The term “liquid pharmaceutical” or “pharmaceutical liquid” refers to any pharmaceutically active ingredient existing in a physically liquid form, including in the form of an emulsion, a suspension, a dispersion, an oil or a solution.
The pharmaceutical particles formulated by the claimed processes are suitable for delivery to mammals by a variety of routes of administration including, for example, oral, inhalable, transdermal, parenteral, buccal, nasal, vaginal, rectal, sub-lingual, ocular, periodontal, implantation, or topical.
In a second embodiment the process of the invention relating to coating PUFA matrix or carrier particles or liquid pharmaceutical matrix or carrier particles can be practiced by repeating steps (a)-(c) at least once wherein the liquid coating material is the same or different or repeating steps (a)-(c) at least once using a liquid coating material which can be the same or different from the first liquid coating material.
In a further embodiment, this invention includes a coated PUFA-containing carrier particle or coated PUFA matrix particle made by the claimed process.
In a further embodiment, this invention includes a coated liquid pharmaceutical-containing carrier particle or coated liquid pharmaceutical matrix particle made by the claimed process.
In a further embodiment, this invention includes a food comprising a coated PUFA-containing carrier particle or coated PUFA matrix particle made by the claimed process, or a food comprising a coated liquid pharmaceutical-containing carrier particle or coated liquid pharmaceutical matrix particle made by the claimed process.
In a further embodiment, this invention includes a nutritional supplement comprising a coated PUFA-containing carrier particle or coated PUFA matrix particle made by the claimed process, or a nutritional supplement comprising a coated liquid pharmaceutical-containing carrier particle or coated liquid pharmaceutical matrix particle made by the claimed process
In a further embodiment, this invention includes a beverage comprising a coated PUFA-containing carrier particle or coated PUFA matrix particle made by the claimed process, or a beverage comprising a coated liquid pharmaceutical-containing carrier particle or coated liquid pharmaceutical matrix particle made by the claimed process
In a further embodiment, this invention includes infant formula comprising a coated PUFA-containing carrier particle or coated PUFA matrix particle made by the claimed process, or infant formula comprising a coated liquid pharmaceutical-containing carrier particle or coated liquid pharmaceutical matrix particle made by the claimed process
In a further embodiment, this invention includes a pet food comprising a coated PUFA-containing carrier particle or coated PUFA matrix particle made by the claimed process, or a pet food comprising a coated liquid pharmaceutcal-containing carrier particle or coated liquid pharmaceutical matrix particle made by the claimed process
In a further embodiment, this invention includes animal feed comprising a coated PUFA-containing carrier particle or coated PUFA matrix particle made by the claimed process, or an animal feed comprising a coated liquid pharmaceutical-containing carrier particle or coated liquid pharmaceutical matrix particle made by the claimed process
In a further embodiment, this invention includes the use of a coated PUFA-containing carrier particle or coated PUFA matrix particle made by the claimed process in producing a product selected from the group consisting of a food, nutritional supplement beverage, infant formula, a dairy product, a pet food or animal feed.
In a further embodiment, this invention includes the use of a coated liquid pharmaceutical-containing carrier particle or coated liquid pharmaceutical matrix particle made by the claimed process in producing a product selected from the group consisting of a food, nutritional supplement beverage, infant formula, a dairy product, a pet food or animal feed.

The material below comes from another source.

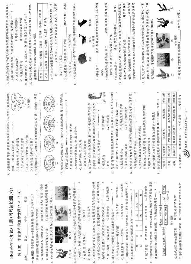 周周清检测七年级上第2章 丰富多彩的生命世界(2.2~2.3)(扫描附答案)

BRIEF DESCRIPTION OF THE FIGURES

FIG. 1 is a schematic diagram of a portion of the apparatus in accordance with the present invention.
FIG. 2 is a cut away, expanded, cross-sectional view of a portion of the apparatus show in FIG. 1.
FIG. 3 depicts an alternate configuration of the apparatus shown in FIGS. 1 and 2.

DETAILED DESCRIPTION OF THE INVENTION

All patents, patent applications and publications referred to herein are incorporated by reference in their entirety.
In the context of this disclosure, a number of terms shall be utilized.
The term “polyunsaturated fatty acid” or “PUFA” as used herein refers to fatty acids that contain two or more double bounds. There are two main families of PUFAs, the omega-3 and omega-6 families. The omega-3 fatty acids are those with their endmost double bond 3 carbons from their methyl end. The omega-6 fatty acids are those with their endmost double bond 6 carbon atoms from their methyl end.
Humans cannot efficiently synthesize fatty acids with double bonds located at position 6 or lower in the hydrocarbon chain (when designating position with reference to the methyl end of the fatty acyl chain), e.g., linoleic and linolenic acids. As such, these PUFAs are considered to be “essential fatty acids” in the diet. Fatty acids synthesized from linoleic and linolenic acids, such as arachidonic and eicosapentaenoic and docosahexaenoic acids, are by analogy also essential fatty acids and must be obtained via the diet. All essential fatty acids are polyunsaturated.
The term “PUFA-containing carrier particle” or “pharmaceutical-containing carrier particle” refers to any carrier particle onto which at least one PUFA or pharmaceutical liquid has been adsorbed or at least one PUFA or pharmaceutical liquid has been loaded.
The term “PUFA matrix particle” or “pharmaceutical matrix particle” refers to any type of matrix particle including but not limited to multicore particles, core shell particles, capsules, etc. which contains or incorporates at least one PUFA, or one pharmaceutically active liquid, either alone or in combination with other components at the time that the particle or capsule is formed. Such matrix particles can be made using physical or chemical techniques including, but not limited to spray drying, freeze drying, spinning disc, co-extrusion, spray chilling or spray cooling, liposome entrapment, inclusion complexation, centrifugal extrusion, and rotational suspension separation.
The spray-drying process typically uses a two-nozzle (internal or external mix) assembly, allowing air from an annular geometry to atomize and implode the issuing liquid stream to form fine particles carrying the coated product in a dispersed state. With high particle-specific surface areas, heat from the drying chamber flash-evaporates the solvent or aqueous media, rendering powder capsules that are cyclone-collected into a holding chamber. Some spray-drying operations use rotary atomizers that spin at up to 50,000 rpm.
The freeze-drying process refers to the rapid freezing of a material at low temperature followed by rapid dehydration by sublimation in a high vacuum. This method is used to preserve biological specimens or to concentrate macromolecules with little or no loss of activity. This process is also called “lyophilization”.
The spray chilling or spray cooling process involves mixing the material to be coated with the carrier and atomizing by cooling or chilling air as opposed to heated air in spray drying. Spray chilling is usually used for ferrous sulfate, vitamin, mineral, or acidulent coating. Frozen liquids, heat-sensitive materials and those not soluble in the usual solvents can be coated in this manner. These materials are then released as the wall material is melted. Applications of spray chilling include dry soup mixes, foods with high fat contents, and bakery products.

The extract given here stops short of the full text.